Tra coloro in cui si è fatta sentire la sua influenza, il più celebre è incontestabilmente il gesuita belga Jacques Dupuis (1923-2004).
Chiamato nel 1984 alla Pontificia Università Gregoriana, a Roma, per insegnarvi la cristologia, egli è stato dal 1985 al 1995 consultore al Pontificio Consiglio per il Dialogo Interreligioso. La opera maggiore, frutto delle sue ricerche e del suo insegnamento, venne pubblicata nel 1997 col titolo: Verso una teologia cristiana del pluralismo religioso.
La Congregazione per la Dottrina della Fede, allora diretta dal cardinale Joseph Ratzinger, fece esaminare il libro e pubblicò una Notificazione ne l’Osservatore Romano del 26 febbraio 2001.

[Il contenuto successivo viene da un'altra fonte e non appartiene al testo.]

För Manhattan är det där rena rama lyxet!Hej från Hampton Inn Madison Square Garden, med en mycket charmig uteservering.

L’opera di Dupuis non è né interdetta né modificata, ma, nel commento che accompagna la Notificazione, gli esaminatori sottolineano «la gravità e il pericolo di certe affermazioni che, pur sembrando moderate e proprio a causa di questo, rischiano di essere considerate frettolosamente e ingenuamente come compatibili con la dottrina della Chiesa, in particolare da parte di persone sinceramente impegnate nella riuscita del dialogo interreligioso».
In particolare, si rimprovera a Padre Dupuis una mancanza di chiarezza sull’unicità del ruolo di Cristo nella salvezza del mondo, e delle ambiguità sulla presenza dell’azione dello Spirito Santo nelle religioni non cristiane.

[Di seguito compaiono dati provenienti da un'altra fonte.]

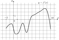 На ри­сун­ке изоб­ра­жен гра­фик про­из­вод­ной функ­ции f левая круг­лая скоб­ка x пра­вая круг­лая скоб­ка ,

In quella occasione, il cardinale Ratzinger fece notare che l’opera e l’influenza di John Hick fossero la fonte di queste gravi ambiguità nell’opera di Jacques Dupuis.


2. Pubblicata dalla Sacra Congregazione per la Dottrina della Fede, approvata e confermata « certa scientia et apostolica sua auctoritate »  dallo stesso Papa, la Dichiarazione Dominus Jesus porta la data del 6 agosto 2000.

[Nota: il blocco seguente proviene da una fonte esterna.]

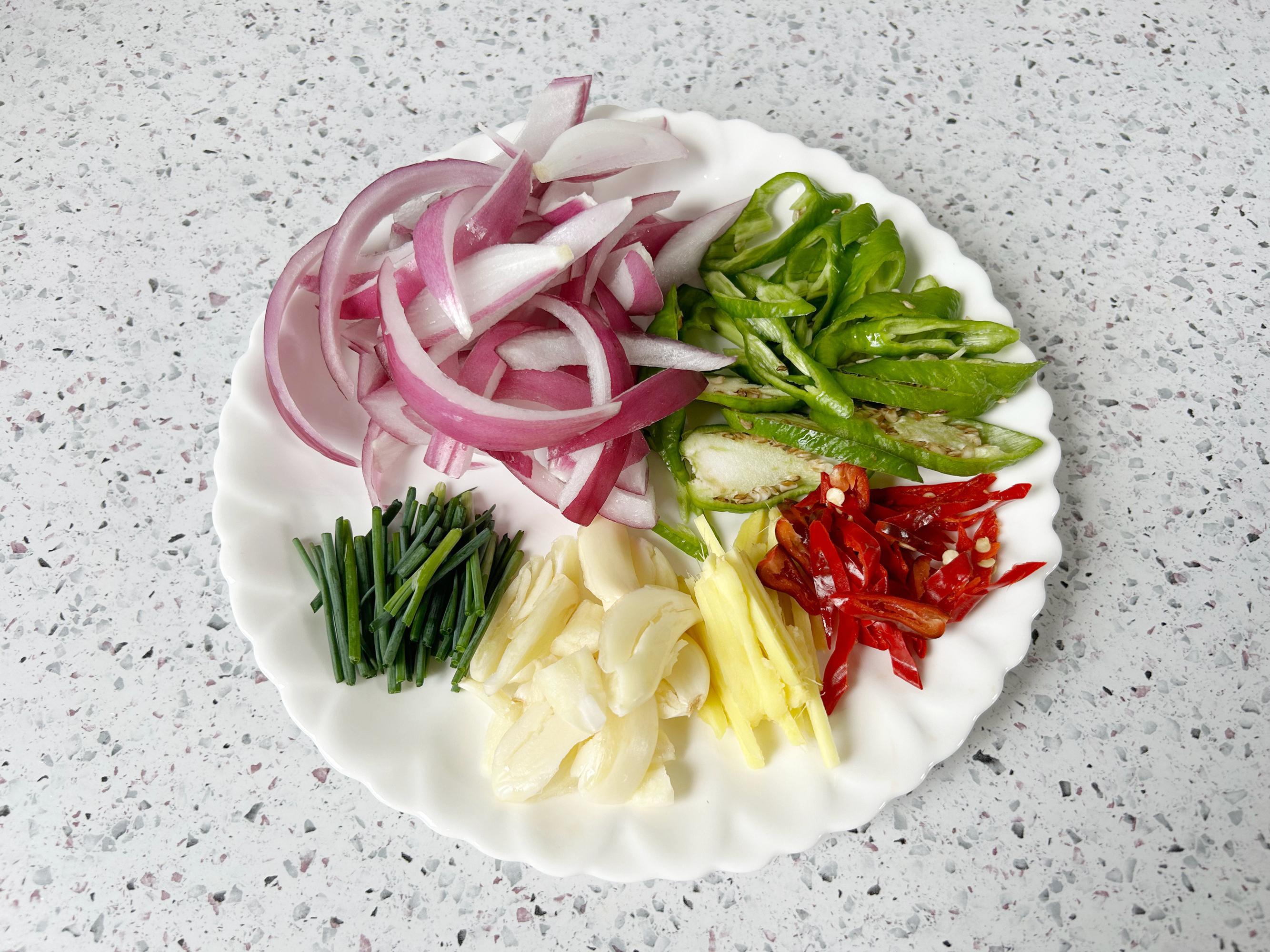洋蔥切細長條,青椒斜着切絲,紅辣椒同樣斜着切絲,生薑去皮切絲,大蒜拍扁去皮,香蔥切長段。

Secondo l’intenzione dello stesso cardinale Ratzinger vi dobbiamo vedere il disconoscimento e la condanna di questa teologia del pluralismo religioso ereditata da John Hick e troppo prevalente in Jacques Dupuis.
Al numero 14, la Dichiarazione ricorda il seguente principio: «Deve essere, quindi, fermamente creduto come verità di fede cattolica che la volontà salvifica universale di Dio Uno e Trino è offerta e compiuta una volta per sempre nel mistero dell’Incarnazione, Morte e Risurrezione del Figlio di Dio». Così che  «Risulterebbero, tuttavia, contrarie alla fede cristiana e cattolica quelle proposte di soluzione, che prospettassero un agire salvifico di Dio al di fuori dell’unica mediazione di Cristo».
Nel suo intervento alla Sala Stampa della Santa Sede, in cui espose il contesto e il significato della Dichiarazione Dominus Jesus, il cardinale Ratzinger denuncia le concezioni erronee presentate da John Hick e Jacques Dupuis, secondo le quali «credere che esista una verità universale, vincolante e valida nella storia stessa, che si realizza nella figura di Gesù Cristo e che trasmessa dalla fede della Chiesa, è considerato come una sorta di fondamentalismo che costituirebbe un attacco contro lo spirito moderno e rappresenterebbe una minaccia contro la tolleranza e la libertà».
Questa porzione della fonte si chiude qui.